A very interesting edge case -- quite literally -- is if an insertion or deletion variant coincides with the boundary between regions with sufficient and insufficient coverage. Since indels alter the numbering of bases in the consensus versus the number of bases in the reference, correctly reporting the range can be trickly. But more importantly, knowing whether your code is robust to such variation is tricky.
So the challenge is to generate such test data. There are many Illumina read simulators out there, but typically they are focused on shotgun sequencing. The pattern of coverage in these tagmented amplicon libraries may be very different than shotgun coverage.
So what I'm imagining is something which the user supplies a specification of what the desired coverage profile is and what mutations to generate relative to the reference.
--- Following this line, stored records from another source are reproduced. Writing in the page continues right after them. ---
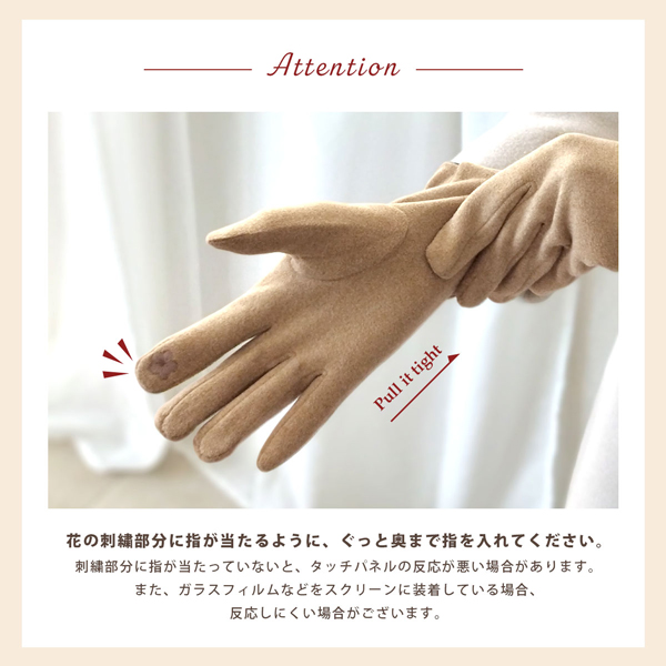※スマホ操作する際は、指をぐっと奥まで入れて先端のお花の刺繍部分に指の腹をあてながら操作してください。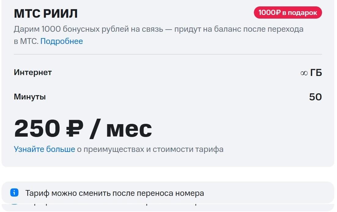 В рамках акции МТС дарит 1000 ₽ за перенос номера для оплаты услуг связи и дает 50% скидки на тариф «РИИЛ» на один год с момента переноса номера. Таким образом новый абонент получает безлимитный интернет всего за 250 ₽ в месяц на целый год.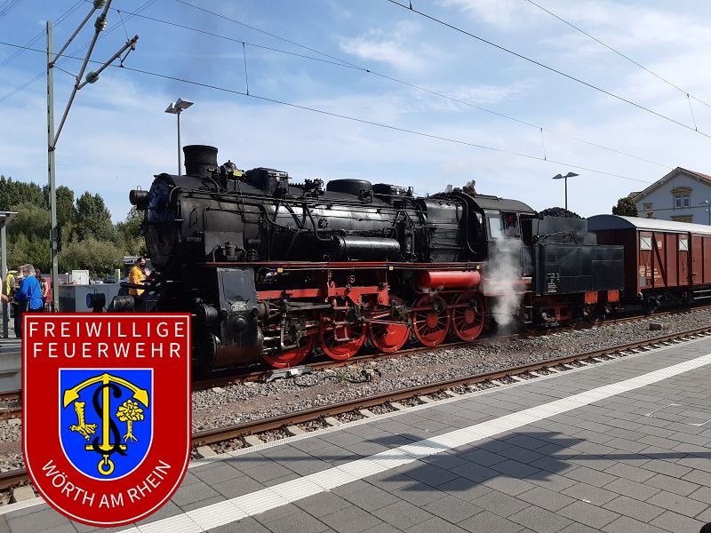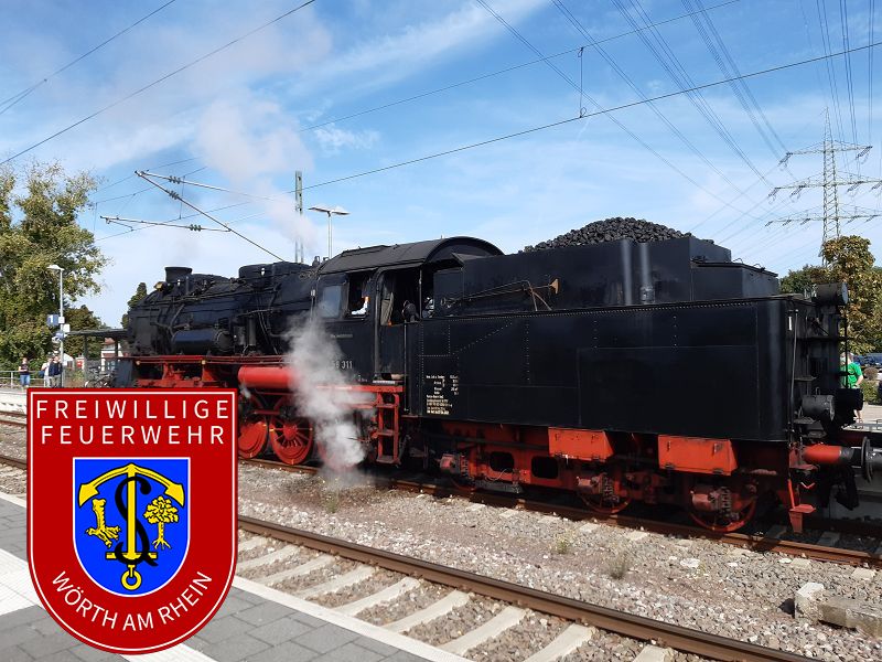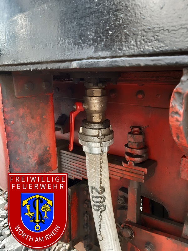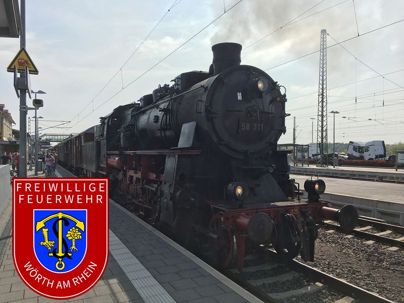 An diesem Sonntag hatten wir zur Abwechslung eine ganz besondere Aufgabe bei uns im Ort: Im Wörther Bahnhof war eine historische Dampflok zu Gast, die wir mit Wasser versorgten. Die Lokomotive 58 311 der Ulmer Eisenbahnfreunde fuhr von Karlsruhe aus auf Gleis 1 in den Wörther Bahnhof ein. Sie fasste bei uns Wasser, um für ihre Rückfahrt und anschließende Rundfahrt in der Region um Karlsruhe ausreichend Reserven dabei zu haben. Um die Weiterfahrt nicht zu gefährden, war eine pünktliche Wasserversorgung notwendig. Die benötigten Schläuche wurden also schon frühzeitig vor dem Eintreffen des historischen Zuges verlegt. Nachdem die im Jahr 1921 erbaute Dampflok betankt war, wurde sie von den Waggons abgekuppelt, wodurch sie nebenan auf Gleis 2 an das andere Ende des Zuges rangieren konnte, um diesen rückwärts wieder über die Rheinbrücke auf die badische Flussseite zu ziehen. Das tat sie dann auch, als das Signal die Weiterfahrt ermöglichte.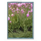Kleurfoto van roze tulpen en gras. 5 x 7 inch (portret). Digitaal veranderd. Blauwe grens.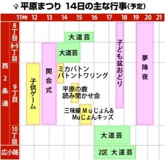 第71回おびひろ平原まつり初日の14日は、午前11時から午後9時にかけて、帯広市内の西2南7~11や広小路で、ステージイベントや大道芸が繰り広げられる。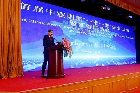 尼加拉瓜参赞温贝托·克拉多、波斯尼亚和黑塞哥维那大使西泥沙·贝尔扬等分别讲话,介绍了“一带一路”建设对世界经济发展的积极成果。温贝托·克拉多向中宸国赢集团董事局主席张语洛女士颁发荣誉奖证书,表彰其在推动“一带一路”产业出海中的突出贡献。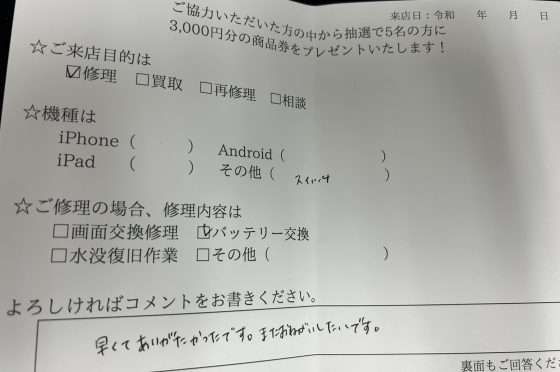 弊社の修理サービスをご利用いただいきましたお客様の声です。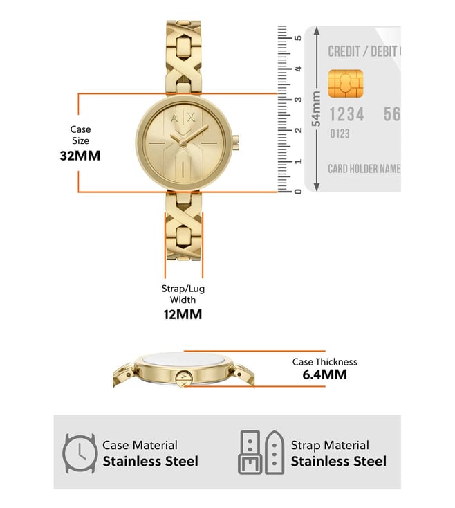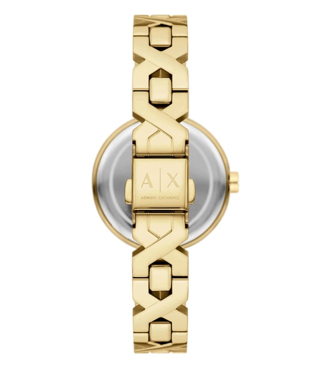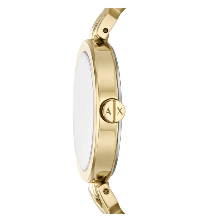 A gold-tone jewellery inspired bracelet and matching sunray dial create a seamless monochromatic look in this refined Armani Exchange watch. The round stainless steel case adds structure, and the minimalist two-hand design keeps the dial clean and modern. With its polished finish, this piece delivers understated shine and a touch of everyday sophistication.

The program would then take an existing BAM alignment and use some combination of downsampling (for coverage) and read munging (to generate a new dataset with the desired properties
One interesting aspect of this problem is the downsampling, because it will likely be drastic -- say 10,000X to 10X. A useful adjunct to the read generator is some sort of analysis showing that the downsampled data preserves key features -- perhaps including the fragment length distribution -- of the original data.
Are these good exercises? Bad exercises? Badly specified exercises? Too hard? Too easy? Let me know what you think!